Pair a 15-85mm with a 70-300mmL and you have great coverage for outdoor use. Then a prime in the 28-35mm range will give you a good low light normal focal length capability.


----------



## zhaoqingMal (Dec 19, 2014)

Thanks for the suggestions. I was certainly considering the 50mm 1.8 since it's so cheap and gets decent reviews. As for the 70-200, I simply cannot afford the 70-200 2.8 IS II, so my choices are the f/4IS and the f/2.8 non-IS. From the reviews, both seem to be excellent, and where I am they are almost exactly the same price. I've been using a 40-150mm on my old Olympus with a 2x FOVCF, and that lens doesn't have IS, so for that reason I've been leaning towards the non-IS 2.8. 
What would you guys suggest?


----------



## wickidwombat (Dec 19, 2014)

on the 7D i would go with the sigma 18-35 f1.8 first as a general zoom
if you are in any doubt how good this lens is on a 7D have a look at the lens sample section and see
the images people have posted there. I don't have the lens but if i did have a crop i would have that lens
http://www.canonrumors.com/forum/index.php?topic=17472.0

also for wide angle i suggest the 11-22 on your eos M the M will do slightly better at landscapes than the 7D
since it seems a bit better IQ wise and the 11-22 is an amazing lens
(I had to order mine from japan and have shipped to china but it was only about 2200 RMB so not too bad but well worth it)
for longer low light and portraits have a good look at the canon 85 f1.8 it is really really good value for money and should go well on the 7D it doesn't have IS though another really good option for lots of stuff on a crop is the 100 f2.8L IS macro AF speed is a bit slower but there is alot this lens can do. 
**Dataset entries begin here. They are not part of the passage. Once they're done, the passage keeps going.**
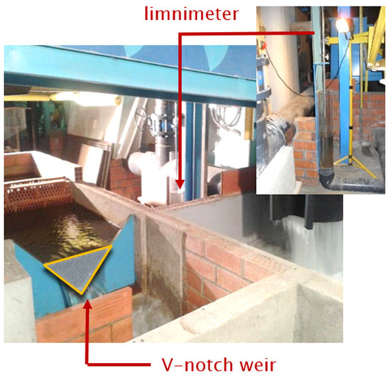 Water intercepted by the tested grate falls into a masonry collection chamber where flow energy is dissipated before being directed toward a triangular weir for discharge measurement using a staff gauge (limnimeter) that provides reading precision to one-tenth of a millimeter (Figure 11).
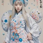A young woman in a traditional white outfit adorned with colorful patterns and accessories, set against a whimsical background of large, decorative spheres. The scene is vibrant and artistic.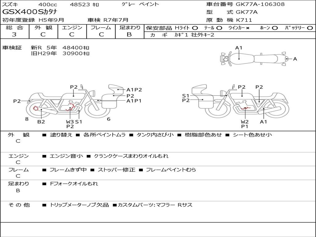 | Номер рамы / VIN | GK77A-106308 |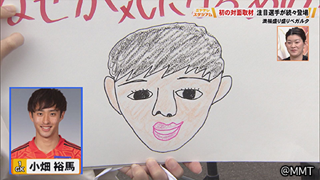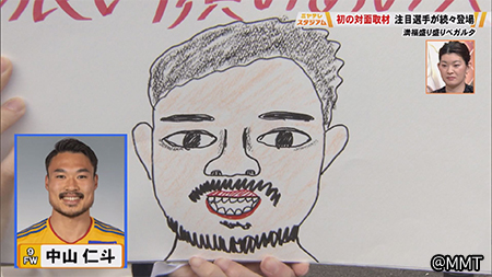 積極的な攻撃参加で今シーズン4得点をマークした期待のディフェンダーです。このコーナー初登場ということで福ちゃん得意の似顔絵を描いてみました。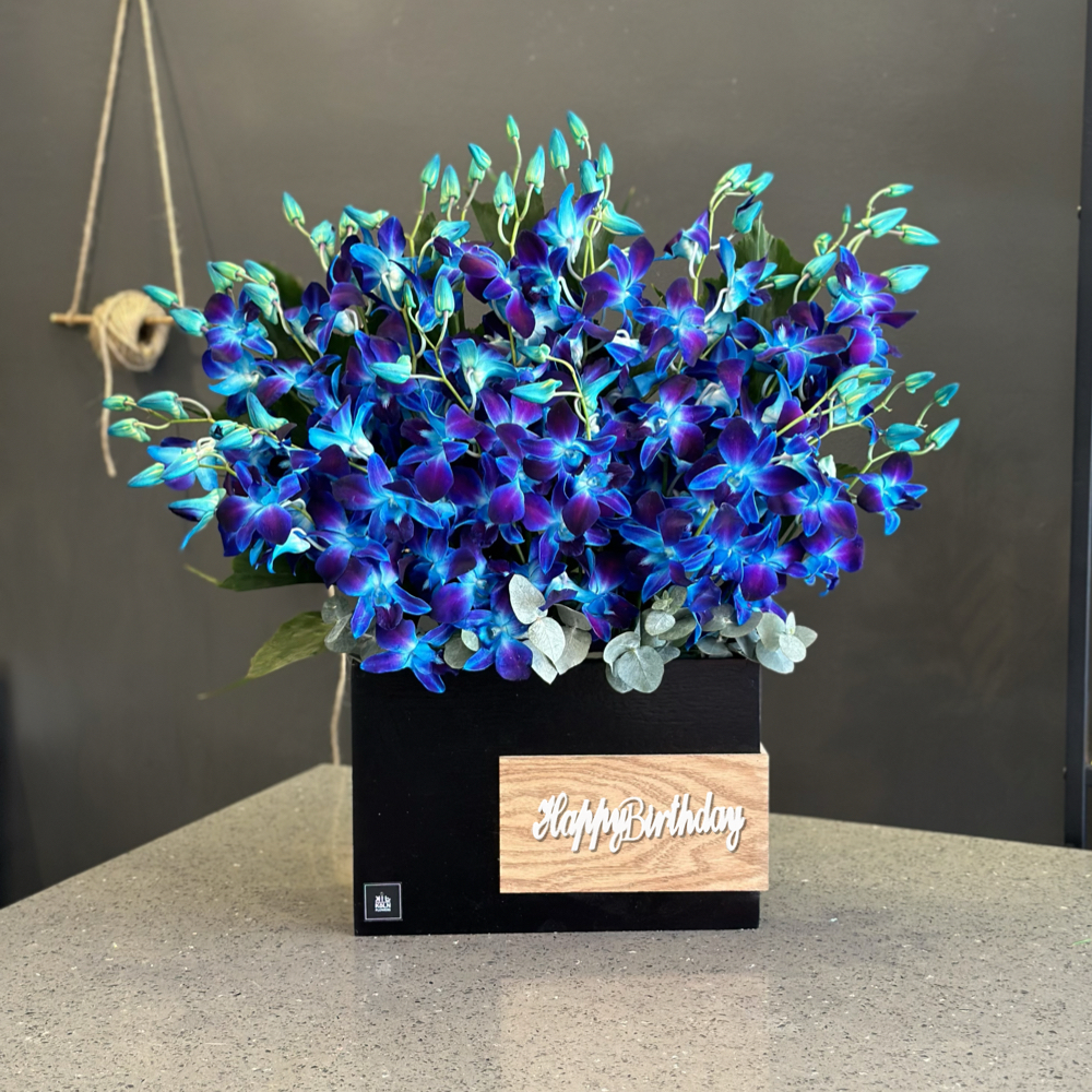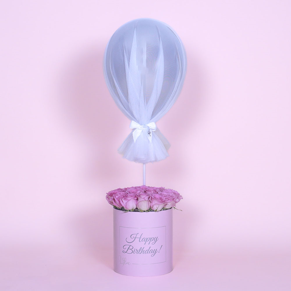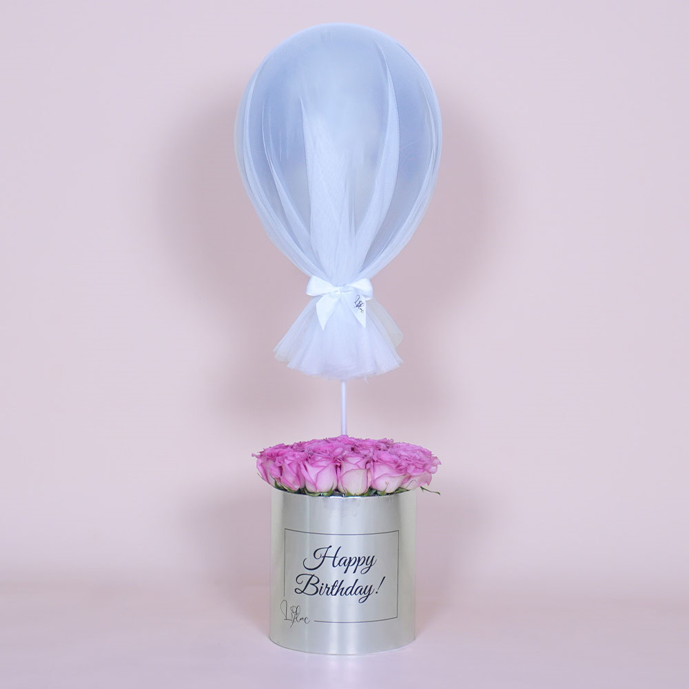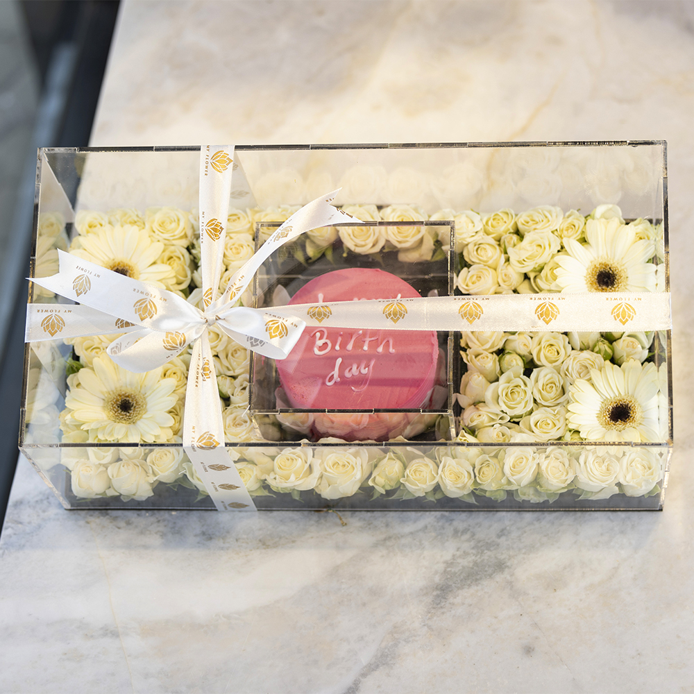 بوكس اكريلك مع زهور الجربيرا، البيبي جوري وكيكة.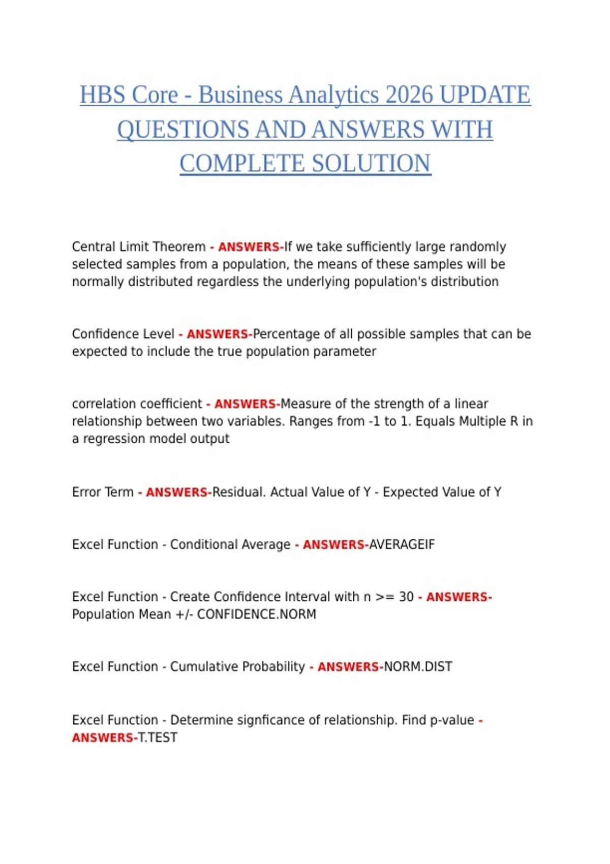 This document is a comprehensive study resource for students preparing for the HBS Core – Business Analytics course in 2026. It contains exam-style questions with verified answers and complete solutions, providing a reliable guide for review, practice, and course mastery. The content covers key business analytics concepts, including data analysis, statistical methods, predictive modeling, decision-making techniques, data visualization, and business problem-solving strategies. Each question includes step-by-step solutions, helping learners strengthen analytical thinking, interpret data accurately, and apply business analytics principles effectively.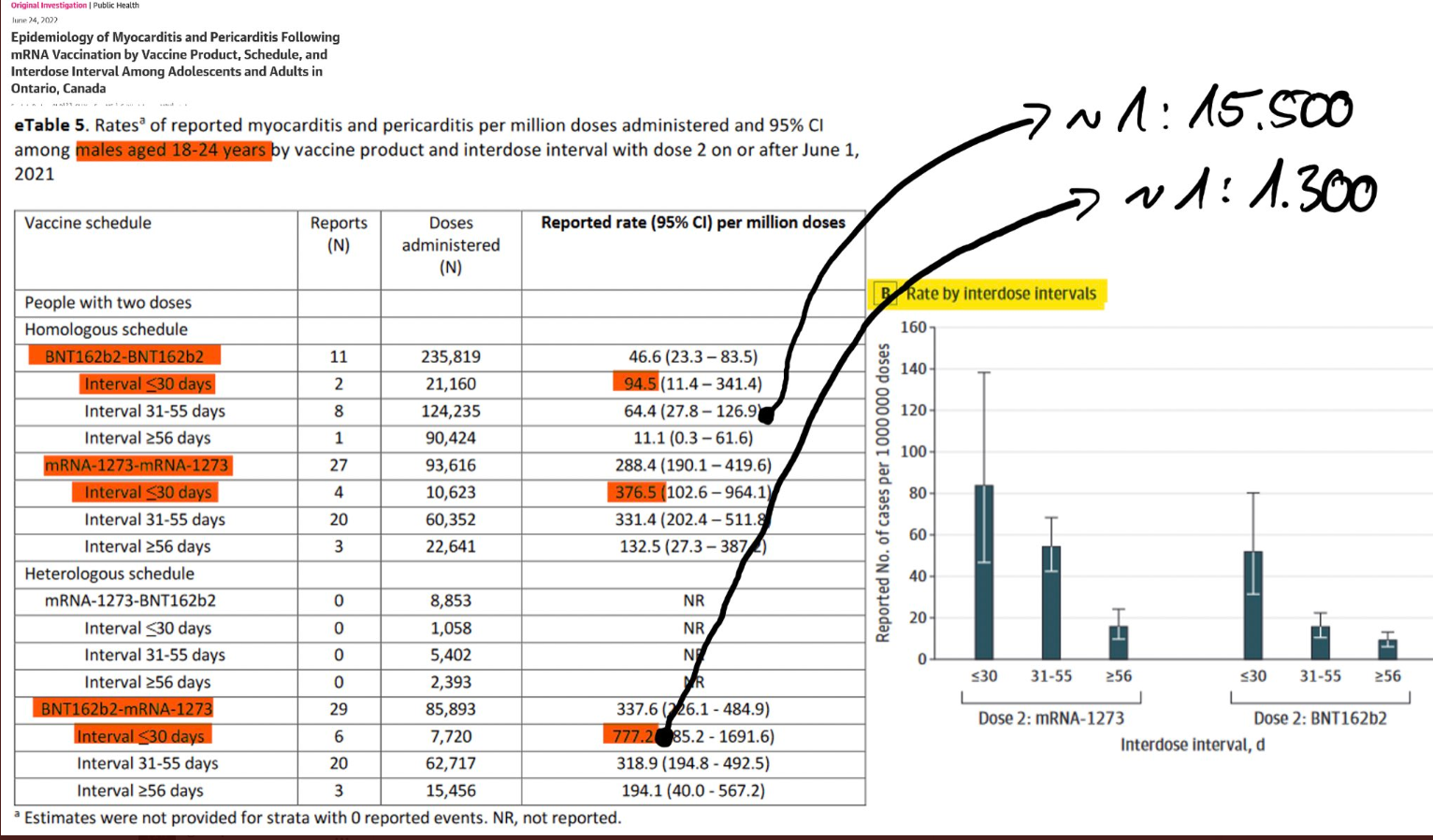 Le risque est d’autant plus élevé que l’intervalle entre les vaccinations est court et pour Spikevax MODERNA (ARNm à dose plus élevée !) plus grand que pour Comirnaty PFIZER. Le graphique ci-dessus montre le risque pour les jeunes hommes après 2 vaccinations. Par Booster (= non. 3) et peut-être même 4e coup, le risque augmente encore.

I actually use my 135 f2L more than i use the 100L though but its too long for indoors generally but out doors its great and works wonderfully on the eos M too


----------



## greger (Dec 22, 2014)

Congratulations on buying the 7D. I like mine and am very happy with it and the pics that I have taken with it. The 70-200 2.8 IS USM ll is an ideal lens to go with the 7D. IS's a must. Some people can handhold lenses and cameras in a windstorm and get sharp, crisp images. I need IS. I shoot hand held pics with the 50 mm 1.8 and they turn out fine as long as I use a fast enough shutter speed. I have turned IS off on my 70-200 f4 IS USM lens and the results went into the Trash.
You may have been using your 410 without IS but time catches up to us and IS becomes a necessity. I bought my f4 IS lens before the 2.8 came out with IS and wasn't cost effective at that time. I put the money I saved on buying a 1.4 Extender which worked fine. The 2X not so much. Images were too soft compared to the 1.4. 
Get the new 100-400 4.5-5.6 vs ll. It will be fine for Portraits in good light and for sports. It's my go to lens for BIF and things just out of reach for the 70-200's. Try the lens in the store before you buy. Good Luck in your lens purchases.


----------



## Kmccarthy (Dec 24, 2014)

I would start with these two lenses. They will give you a huge range (24-480mm equivalent) with great image quality. I suggest buying them used if you want to save some money.
EF-S 15-85mm f/3.5-5.6 IS USM
EF 70-300mm f/4-5.6L IS USM


----------



## sanj (Dec 24, 2014)

You do not necessarily need L glass. There are several nice non L lenses from Canon and other companies.


----------



## Dfunk99 (Dec 24, 2014)

I have had the 28-135IS since 2003 when I bought my EOS-3, & have had No problems with mine at all(sometimes it will hunt at 28mm), but it saved me when my 24-105L died & had to go back to Canon for repair. I have used it on my 300D, 30D, 50D & a rented 6D & it performed the Best on the 6D. I would buy the 50mm 1.8 over the 50mm 1.4 any day! Mine just recently died(paid $69.99 for it New in 2003). I have a friend who has the 50mm 1.4 & he Loved it, until it started having focus issues after about a year. I would also buy the 17-40L over the 17-55mm 2.8IS Any day! Just my 2 cents worth. Enjoy your new purchases!


----------



## StudentOfLight (Dec 24, 2014)

The Canon f/2.8 L portrait zooms are the best in their class but can be expensive. There are some other options for general portrait photography like the Tamron SP 24-70mm f/2.8 VC USD. This is a very handy focal length for portraiture on a crop body and it has VC which is quite useful when you're using the 70mm end with a moderate shutter speed. You could pair that with a fast prime like the 85mm f/1.8 or 100mm f/2 for tighter portraits or headshots. Test these lenses out if you are on a tight budget and can't afford Canon's f/2.8 L zooms. If you decide to upgrade to full frame further down the line then these lenses will look and perform even better than on crop... 

From a medium~ to long-term utility perspective these options are good, plus their lower replacement cost will help keep your insurance premiums down. It's worth considering these options if the ultimate L-glass is out of your reach. 

P.S. I'd also highly recommend getting a good external flash for portrait photography.


----------